━━━ GIVEN INFORMATION

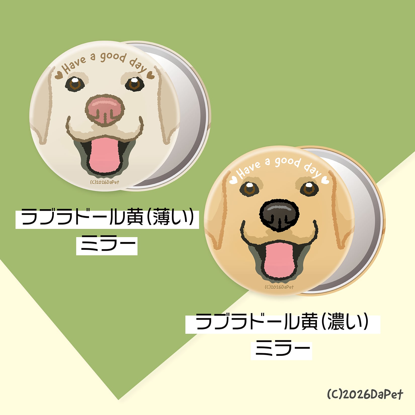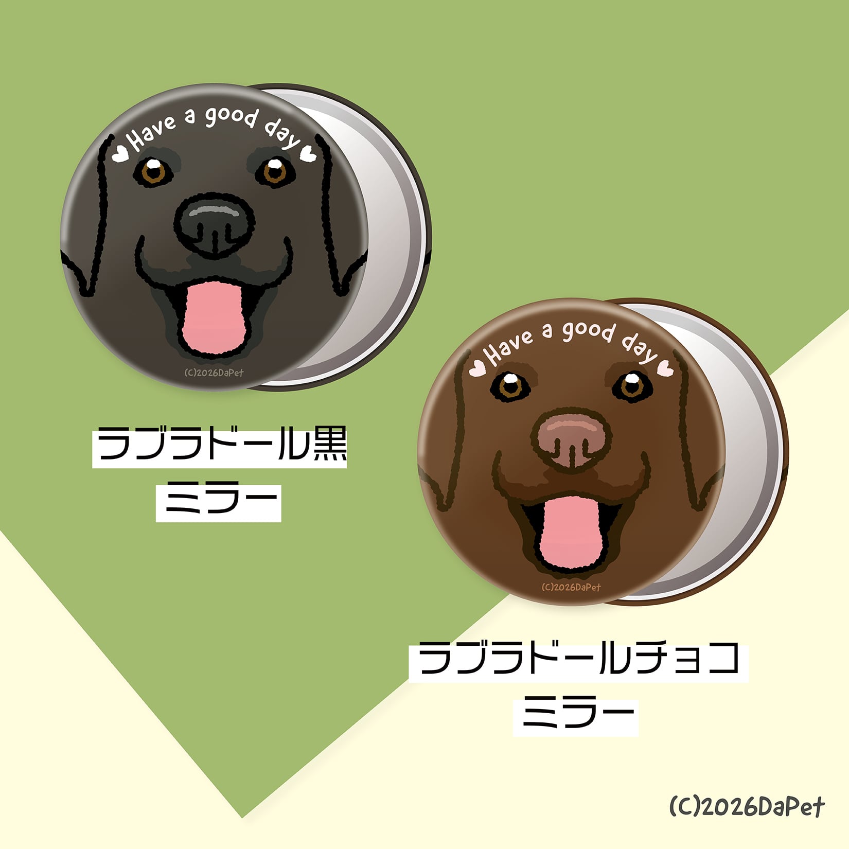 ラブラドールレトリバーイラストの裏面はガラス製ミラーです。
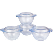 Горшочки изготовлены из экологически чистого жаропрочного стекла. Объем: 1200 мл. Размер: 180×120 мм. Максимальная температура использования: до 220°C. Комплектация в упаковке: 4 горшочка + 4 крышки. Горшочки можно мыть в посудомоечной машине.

━━━━━━
━━━ GIVEN INFORMATION

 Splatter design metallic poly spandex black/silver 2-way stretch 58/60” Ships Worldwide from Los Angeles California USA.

━━━━━━

PROMPT >> Look above and copy only the lines from the one holding "ラブラドールレトリバーイラストの裏面はガラス製ミラーです。" to the one holding "Горшочки изготовлены из", both included, exactly, minus the pictures.

RESPONSE >>
 ラブラドールレトリバーイラストの裏面はガラス製ミラーです。
 Горшочки изготовлены из экологически чистого жаропрочного стекла. Объем: 1200 мл. Размер: 180×120 мм. Максимальная температура использования: до 220°C. Комплектация в упаковке: 4 горшочка + 4 крышки. Горшочки можно мыть в посудомоечной машине.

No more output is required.